> **WHAT YOU NEED TO DO**:
Set down nothing but the lines from the one containing "По виду очень" to the final line of the material, exactly as written, and drop the pictures.

> **AVAILABLE RECORDS**:
==============================
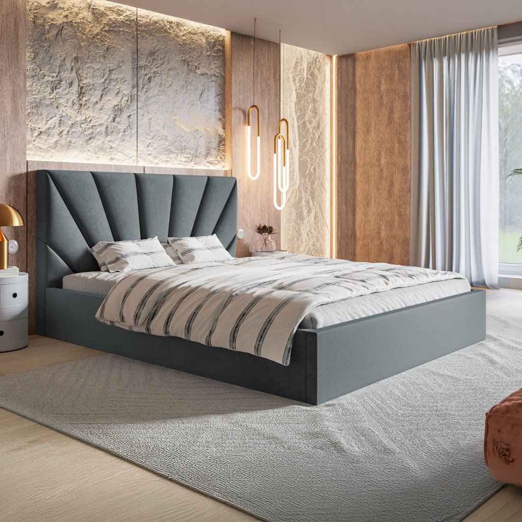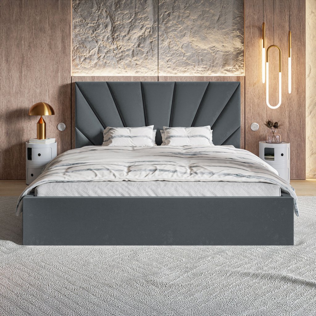 Posteľ SIRA upúta svojím moderným a výrazným dizajnom, ktorý kombinuje eleganciu s originálnymi detailmi. Jej vysoké čelo je vytvorené z panelov usporiadaných do efektu slnečných lúčov, čo dodáva miestnosti dynamický a unikátny vzhľad. V spodnej časti postele sa nachádza praktický úložný priestor, ktorý poskytuje dostatok miesta na uloženie posteľnej bielizne a iných vecí. Posteľ SIRA je skvelou voľbou pre tých, ktorí hľadajú štýlový a funkčný prvok do spálne.
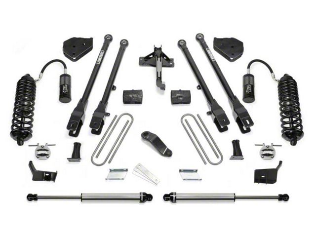Fabtech's 4in 4 Link Conversion System for the Ford F250/F350 is designed to provide maximum suspension performance for both on and offroad use. The system replaces the factory Radius Arm suspension with heavy duty 4 Link components for increased strength and functionality. The system will provide near zero caster change throughout the travel range which benefits on road driving. When offroad the 4 Link system will provide more articulation than a Radius Arm for increased terrain traversing at all speeds. The front suspension receives the finest shock upgrade on the market with the Dirt Logic 4.0 Coilover conversion. It will provide outstanding damping capacity offroad with a quality on road ride. This Coilover bolts in place of the factory coil spring without removal of the coil spring bucket. The Dirt Logic is constructed with a stainless steel body for maximum corrosion resistance. It comes with a giant 4in diameter aluminum remote reservoir that mounts horizontally above the Coilover to allow for full compression travel with oversized tires. The rear suspension receives a 5in lift block, extended bump stop brackets and Dirt Logic 2.25 shocks for a balanced ride quality. This 4 Link system with the Dirt Logic 4.0 Coilovers is the pinnacle of all Super Duty suspension systems for owners that demand the best. System includes a free 5 year 60,000 mile powertrain warranty. Each Fabtech component has been designed with specific features and benefits that create this quality suspension system. For a greater understanding of each these components, please see below.
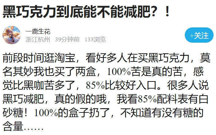 那么网友们对黑巧克力减肥,是怎么看的呢?让我们一起往下看。
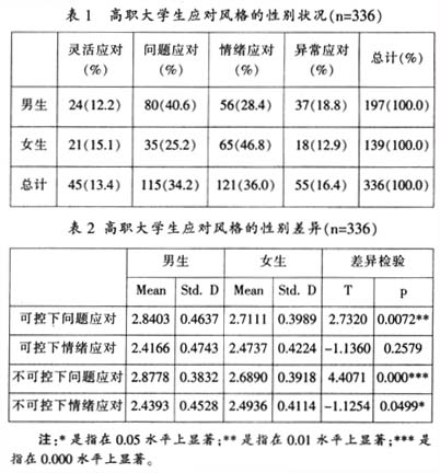 在336名高职大学生中,应对风格灵活与异常类的个体较少,而问题类与情绪类的个体较多;男生中最多的是问题类应对风格,女生中最多的是情绪类应对风格。
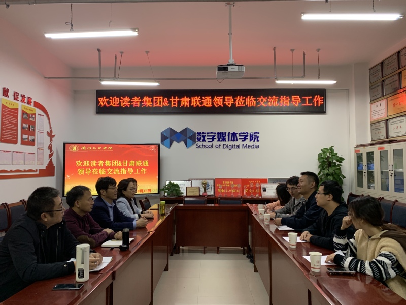 座谈会上,李恒杰经理首先对读者集团及甘肃联通各位领导的到来表示热烈欢迎和诚挚感谢,并高度赞扬了读者出版集团对于甘肃出版行业的思想引领和文化支撑所做出的杰出贡献。随后李经理对公司的历史发展、团队建设、专业设置、校企合作、办学理念等基本情况进行介绍。李经理强调公司专业建设与发展离不开校企合作,公司与读者出版集团要不断深化在文化及数字媒体等领域的交流,增进双方相互了解,为双方的未来合作奠定良好基础。
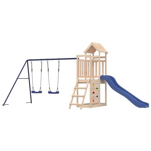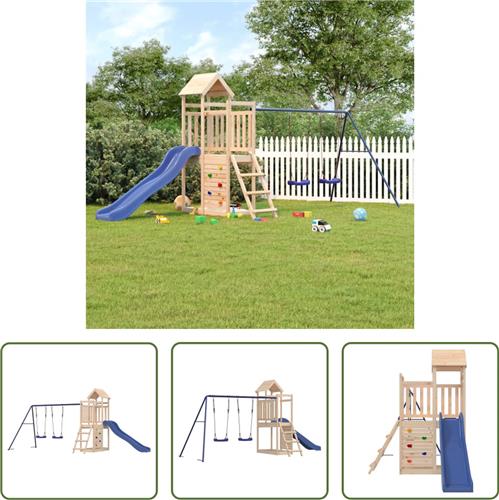 The Living Store Houten Speelhuis met Glijbaan en Dubbele Schommel - 505 x 186 x 214 cm - Massief Grenenhout
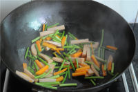 4.将烫好的蔬菜丝到进去
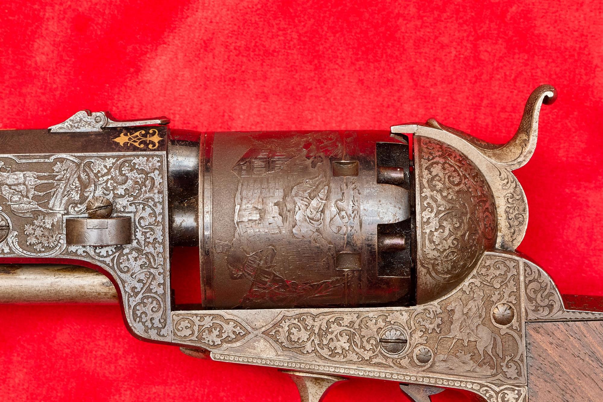 По виду очень похож на револьвер Нормана из коллекции Эрмитажа. Правда, приклад за полтора с хвостом века где-то потеряли, а он там был для своего времени очень интересный – стальной «скелетный», но с оболочкой из красного сафьяна.
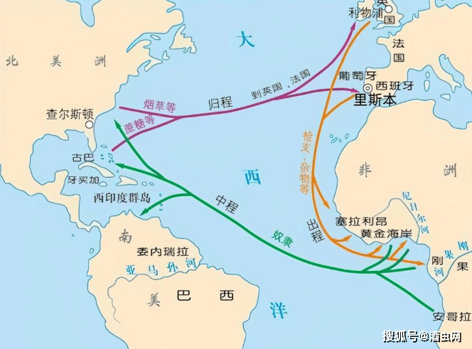 在大西洋上的三角形路线的环流影响下,正好形成一个从欧洲出发到非洲和美洲的航线,恰好构成了三角形的循环贸易。
==============================
> **SOLUTION FOR THIS TASK**:
 По виду очень похож на револьвер Нормана из коллекции Эрмитажа. Правда, приклад за полтора с хвостом века где-то потеряли, а он там был для своего времени очень интересный – стальной «скелетный», но с оболочкой из красного сафьяна.
 在大西洋上的三角形路线的环流影响下,正好形成一个从欧洲出发到非洲和美洲的航线,恰好构成了三角形的循环贸易。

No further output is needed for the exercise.